Rubén Ramos

Personal information
- Full name: Rubén Ramos Martínez
- Date of birth: 31 January 1989 (age 37)
- Place of birth: Leganés, Spain
- Height: 1.82 m (6 ft 0 in)
- Position: Forward

Youth career
- 1995–2007: Atlético Madrid

Senior career*
- Years: Team / Apps / (Gls)
- 2007–2009: Atlético Madrid B / 54 / (14)
- 2009–2011: Real Madrid B / 19 / (3)
- 2011: Brescia / 4 / (0)
- 2012: Lucena / 10 / (0)
- 2012–2013: Fuenlabrada / 36 / (14)
- 2013–2014: Puerta Bonita / 35 / (3)
- 2014–2016: Alcoyano / 62 / (4)
- 2016–2017: Murcia / 13 / (1)
- 2017–2018: SS Reyes / 30 / (5)
- 2018–2019: Internacional Madrid / 18 / (5)
- 2019: Castellón / 16 / (2)
- 2019–2022: Internacional Madrid / 84 / (16)
- 2022–2023: Las Rozas / 24 / (3)

International career
- 2006: Spain U17 / 11 / (5)
- 2007: Spain U19 / 1 / (0)

= Rubén Ramos (footballer, born 1989) =

Spanish footballer

Rubén Ramos Martínez (/es/; born 31 January 1989) is a Spanish professional footballer who plays as a forward.

==Club career==
Born in Leganés, Madrid, Ramos only played lower league football in his country, starting out at Atlético Madrid B in the 2007–08 season. In 2009, he moved to city rivals Real Madrid, and was assigned to the reserves also in the Segunda División B.

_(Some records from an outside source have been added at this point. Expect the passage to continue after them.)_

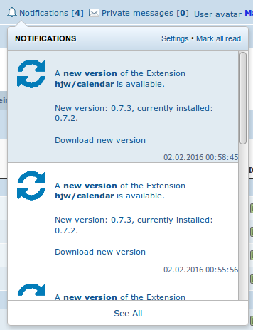 只有能够管理扩展或被允许检查phpBB更新的管理员才会收到通知。他们可以在UCP中单独管理他们的通知(启用/禁用电子邮件等)(Board首选项 -> 编辑通知选项)。
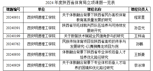 根据陕西省体育局官网发布的2024年度常规课题立项通知,通识教育学院程家星、孙亚光、孙鹏、王梓涵、王新豪、李泳坤六位教师分别申报的课题经评审获批立项。
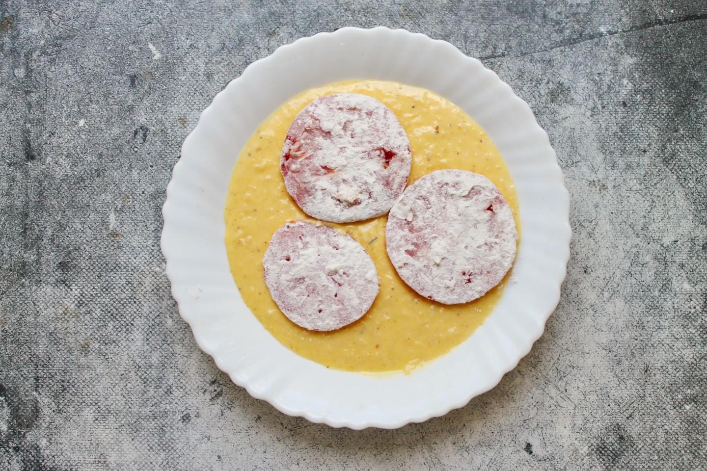 Шаг 6. Как обжарить помидоры в сырном кляре?
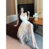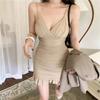 Wind Geburtstagskleid Rock Temperament V-Ausschnitt tiefer Ausschnitt Brust Trägerkleid Taille und dünn
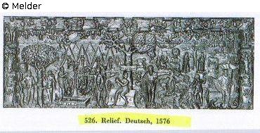Relief, Holz, geschnitzt und bemalt, mit den von links nach rechts fortlaufenden Darstellungen: Adam und Eva mit der Schlange, Ecce Homo, der verlorene Sohn, der auferstandene Christus. Als Begrenzung: Karyatiden. In einer zweiten Reliefzone: Bäume, Zelte, weitere biblische Szenen: die Kreuzigung, die Verkündigung. Oben: Wolken mit Engeln, Früchten, Löwenfratze und Moses mit der Gesetzestafel. Unten datiert 1576. Gerahmt.

Free agent Ramos signed with Italian club Brescia Calcio in August 2011, but the international clearance only arrived two months later. He played the first of only four matches as a professional on 8 October, coming on as a 68th-minute substitute in a 2–1 away loss against Calcio Padova in the Serie B.

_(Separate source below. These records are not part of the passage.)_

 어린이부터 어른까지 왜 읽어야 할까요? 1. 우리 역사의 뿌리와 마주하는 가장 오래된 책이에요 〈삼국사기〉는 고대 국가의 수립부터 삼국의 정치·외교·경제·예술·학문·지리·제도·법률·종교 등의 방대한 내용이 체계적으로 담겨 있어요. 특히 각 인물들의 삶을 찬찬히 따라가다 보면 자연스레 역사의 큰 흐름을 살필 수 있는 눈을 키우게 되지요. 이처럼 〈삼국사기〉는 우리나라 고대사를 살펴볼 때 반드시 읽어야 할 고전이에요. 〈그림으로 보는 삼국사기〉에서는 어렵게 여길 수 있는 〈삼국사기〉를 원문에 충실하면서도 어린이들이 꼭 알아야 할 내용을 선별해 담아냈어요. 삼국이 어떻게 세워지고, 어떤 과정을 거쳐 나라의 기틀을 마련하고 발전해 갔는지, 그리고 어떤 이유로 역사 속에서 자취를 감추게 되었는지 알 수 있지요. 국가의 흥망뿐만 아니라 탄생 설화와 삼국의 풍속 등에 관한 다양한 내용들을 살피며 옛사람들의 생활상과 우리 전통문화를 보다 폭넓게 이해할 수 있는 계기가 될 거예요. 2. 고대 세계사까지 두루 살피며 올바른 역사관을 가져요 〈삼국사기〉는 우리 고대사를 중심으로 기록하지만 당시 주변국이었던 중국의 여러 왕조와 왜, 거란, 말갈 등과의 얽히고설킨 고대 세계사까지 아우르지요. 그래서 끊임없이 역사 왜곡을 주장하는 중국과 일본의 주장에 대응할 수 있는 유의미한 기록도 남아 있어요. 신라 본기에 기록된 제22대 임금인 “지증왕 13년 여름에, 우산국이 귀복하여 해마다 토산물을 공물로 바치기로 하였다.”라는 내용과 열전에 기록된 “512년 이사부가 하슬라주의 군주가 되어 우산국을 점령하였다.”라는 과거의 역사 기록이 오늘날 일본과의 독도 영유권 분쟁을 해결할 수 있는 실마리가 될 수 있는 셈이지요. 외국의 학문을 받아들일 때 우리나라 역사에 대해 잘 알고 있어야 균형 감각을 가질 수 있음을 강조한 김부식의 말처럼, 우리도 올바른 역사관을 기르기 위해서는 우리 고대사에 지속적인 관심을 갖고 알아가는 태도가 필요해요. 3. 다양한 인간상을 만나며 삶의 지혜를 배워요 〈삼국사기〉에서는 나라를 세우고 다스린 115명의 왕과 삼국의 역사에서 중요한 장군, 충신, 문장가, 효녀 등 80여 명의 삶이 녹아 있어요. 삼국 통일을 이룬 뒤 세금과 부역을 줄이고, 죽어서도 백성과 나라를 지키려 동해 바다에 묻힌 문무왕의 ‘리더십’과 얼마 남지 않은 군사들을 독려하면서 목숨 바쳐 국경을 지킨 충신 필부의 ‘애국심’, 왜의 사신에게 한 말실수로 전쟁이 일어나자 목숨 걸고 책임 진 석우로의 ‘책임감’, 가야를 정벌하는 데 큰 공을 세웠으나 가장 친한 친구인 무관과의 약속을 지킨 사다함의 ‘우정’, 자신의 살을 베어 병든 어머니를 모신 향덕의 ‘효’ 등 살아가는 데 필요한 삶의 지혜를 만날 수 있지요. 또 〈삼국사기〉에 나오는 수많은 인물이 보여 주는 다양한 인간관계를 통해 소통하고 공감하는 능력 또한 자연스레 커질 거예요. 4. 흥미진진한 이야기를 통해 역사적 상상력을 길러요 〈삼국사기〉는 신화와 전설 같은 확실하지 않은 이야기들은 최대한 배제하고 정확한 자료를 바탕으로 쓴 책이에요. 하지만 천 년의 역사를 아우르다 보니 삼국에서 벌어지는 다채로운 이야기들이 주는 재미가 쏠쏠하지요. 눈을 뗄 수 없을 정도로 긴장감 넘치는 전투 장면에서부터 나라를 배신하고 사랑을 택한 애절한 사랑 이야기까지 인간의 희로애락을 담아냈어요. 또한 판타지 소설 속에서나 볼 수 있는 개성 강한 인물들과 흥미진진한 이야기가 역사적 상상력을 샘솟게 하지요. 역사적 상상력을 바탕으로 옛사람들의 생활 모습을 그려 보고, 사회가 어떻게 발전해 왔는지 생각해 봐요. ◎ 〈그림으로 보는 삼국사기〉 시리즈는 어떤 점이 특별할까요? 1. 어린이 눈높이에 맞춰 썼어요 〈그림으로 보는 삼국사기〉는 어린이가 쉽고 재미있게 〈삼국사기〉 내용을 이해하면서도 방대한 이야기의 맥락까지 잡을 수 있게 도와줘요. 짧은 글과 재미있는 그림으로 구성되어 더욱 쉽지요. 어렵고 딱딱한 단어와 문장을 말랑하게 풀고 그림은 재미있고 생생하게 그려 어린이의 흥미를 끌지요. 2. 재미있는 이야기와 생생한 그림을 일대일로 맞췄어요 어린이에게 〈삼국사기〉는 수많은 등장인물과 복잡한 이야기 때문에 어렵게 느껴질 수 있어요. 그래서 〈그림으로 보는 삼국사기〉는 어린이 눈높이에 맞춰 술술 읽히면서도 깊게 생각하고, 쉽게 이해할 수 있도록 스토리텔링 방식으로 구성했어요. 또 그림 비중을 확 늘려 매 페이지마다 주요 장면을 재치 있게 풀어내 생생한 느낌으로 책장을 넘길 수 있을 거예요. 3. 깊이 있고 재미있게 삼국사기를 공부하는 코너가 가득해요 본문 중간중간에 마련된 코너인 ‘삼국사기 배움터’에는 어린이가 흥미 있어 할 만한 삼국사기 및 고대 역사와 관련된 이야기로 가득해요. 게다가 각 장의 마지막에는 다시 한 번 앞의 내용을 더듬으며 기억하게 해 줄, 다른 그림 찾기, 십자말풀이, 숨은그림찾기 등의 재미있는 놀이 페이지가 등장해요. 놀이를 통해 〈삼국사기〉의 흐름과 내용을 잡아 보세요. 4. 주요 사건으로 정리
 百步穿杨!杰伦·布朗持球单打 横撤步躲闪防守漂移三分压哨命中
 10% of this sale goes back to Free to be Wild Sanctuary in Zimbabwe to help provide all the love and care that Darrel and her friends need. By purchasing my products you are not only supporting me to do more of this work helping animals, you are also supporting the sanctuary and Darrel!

Ramos returned to Spain in January 2012, joining Lucena CF of the third division. He continued to compete in that tier in the following years, representing CF Fuenlabrada, CD Puerta Bonita, CD Alcoyano, Real Murcia, UD San Sebastián de los Reyes, Internacional de Madrid (two spells) and CD Castellón.